Here’s an extra credit opportunity for Finance 4366. Working on your own (i.e., this is not a group project; I will only give credit for spreadsheets that are uniquely your own), build your own “z” table in Excel (patterned after the table at http://fin4366.garven.com/stdnormal.pdf); the top row should have values ranging from 0.00 to 0.09, and the first column should have z values ranging from -3.0 to +3.0, in increments of 0.1).

Conveniently, Excel has the standard normal distribution function built right in; e.g., if you type “=normsdist(z)”, Excel returns the probability associated with whatever z value you provide. If you type “=normsdist(0)”, .5 is returned, since half of the area under the curve lies to the left of the expected value E(z) = 0. Similarly, if you type “=normsdist(1)”, then .8413 is returned because 84.13% of the area under the curve lies to the left of z = 1. Perhaps you recall from your QBA course that 68.26% of the area under the curve lies between z = -1; this “confidence interval” of +/- 1 standard deviation away from the mean (E(z)=0) is calculated in Excel with the following code: “=normsdist(1)-normsdist(-1)”, and so forth.

The grade you earn on this extra credit assignment will replace your lowest quiz grade; that is, if your lowest quiz grade is lower than your extra credit grade. The deadline is the start of class on Tuesday, January 31.

You can turn your spreadsheet for this extra credit assignment in at the link labeled “Z Table Extra Credit Assignment” under the Assignment tab on Canvas.

Problem Set 2 consists of two problems. The first problem requires calculating expected value, standard deviation, and correlation, and using this information as inputs into determining expected returns and standard deviations for 2-asset portfolios. The second problem involves using the standard normal probability distribution to calculate the probabilities of earning various levels of return by investing in risky securities and portfolios; see pp. 15-21 of the http://fin4366.garven.com/spring2023/lecture4.pdf lecture note for coverage of that topic.

As promised, I have posted the formula sheet for today’s statistics class problem in Finance 4366 at http://fin4366.garven.com/spring2023/statformulasheet.pdf.

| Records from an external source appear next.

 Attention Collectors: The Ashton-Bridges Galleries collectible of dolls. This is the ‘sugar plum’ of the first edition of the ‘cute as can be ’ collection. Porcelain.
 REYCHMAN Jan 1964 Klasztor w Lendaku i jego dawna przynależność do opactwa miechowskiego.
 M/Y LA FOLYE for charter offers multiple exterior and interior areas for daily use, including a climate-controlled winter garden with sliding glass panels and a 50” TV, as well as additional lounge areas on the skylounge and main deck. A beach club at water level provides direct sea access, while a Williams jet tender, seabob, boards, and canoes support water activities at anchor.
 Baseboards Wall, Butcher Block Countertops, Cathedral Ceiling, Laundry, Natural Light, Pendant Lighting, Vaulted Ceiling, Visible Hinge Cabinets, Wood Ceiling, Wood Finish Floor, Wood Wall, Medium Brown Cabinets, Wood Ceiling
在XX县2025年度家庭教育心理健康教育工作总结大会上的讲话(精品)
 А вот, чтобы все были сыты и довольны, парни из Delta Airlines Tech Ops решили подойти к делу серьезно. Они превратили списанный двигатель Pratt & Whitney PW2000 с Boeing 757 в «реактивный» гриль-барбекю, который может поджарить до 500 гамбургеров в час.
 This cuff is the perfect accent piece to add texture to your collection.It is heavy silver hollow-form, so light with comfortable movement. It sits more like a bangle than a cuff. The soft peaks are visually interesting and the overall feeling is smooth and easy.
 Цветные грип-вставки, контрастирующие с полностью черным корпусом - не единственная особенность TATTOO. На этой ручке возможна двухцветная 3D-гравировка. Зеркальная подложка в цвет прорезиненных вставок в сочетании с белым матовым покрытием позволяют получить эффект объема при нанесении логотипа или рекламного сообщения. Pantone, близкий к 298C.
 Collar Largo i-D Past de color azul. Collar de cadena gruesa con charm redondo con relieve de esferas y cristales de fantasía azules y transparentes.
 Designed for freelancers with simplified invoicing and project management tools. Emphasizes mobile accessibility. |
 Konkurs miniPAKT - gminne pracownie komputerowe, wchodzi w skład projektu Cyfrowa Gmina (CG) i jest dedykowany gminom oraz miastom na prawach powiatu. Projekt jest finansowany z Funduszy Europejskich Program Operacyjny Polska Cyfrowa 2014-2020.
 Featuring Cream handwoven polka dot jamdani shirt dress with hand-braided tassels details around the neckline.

I highly recommend that everyone work through the class problem with the help of this formula sheet prior to Thursday’s Finance 4366 class meeting.

The January 24th assigned reading entitled “The New Religion of Risk Management” (by Peter Bernstein, March-April 1996 issue of Harvard Business Review) provides a succinct synopsis of the same author’s 1996 book entitled “Against the Gods: The Remarkable Story of Risk“. Here’s a fascinating quote from page 33 of “Against the Gods” which explains the ancient origin of the word “algorithm”:

“The earliest known work in Arabic arithmetic was written by alKhowarizmi, a mathematician who lived around 825, some four hundred years before Fibonacci. Although few beneficiaries of his work are likely to have heard of him, most of us know of him indirectly. Try saying “alKhowarizmi” fast. That’s where we get the word “algorithm,” which means rules for computing.”

Note: The book cover shown above is a copy of a 1633 oil-on-canvas painting by the Dutch Golden Age painter Rembrandt van Rijn.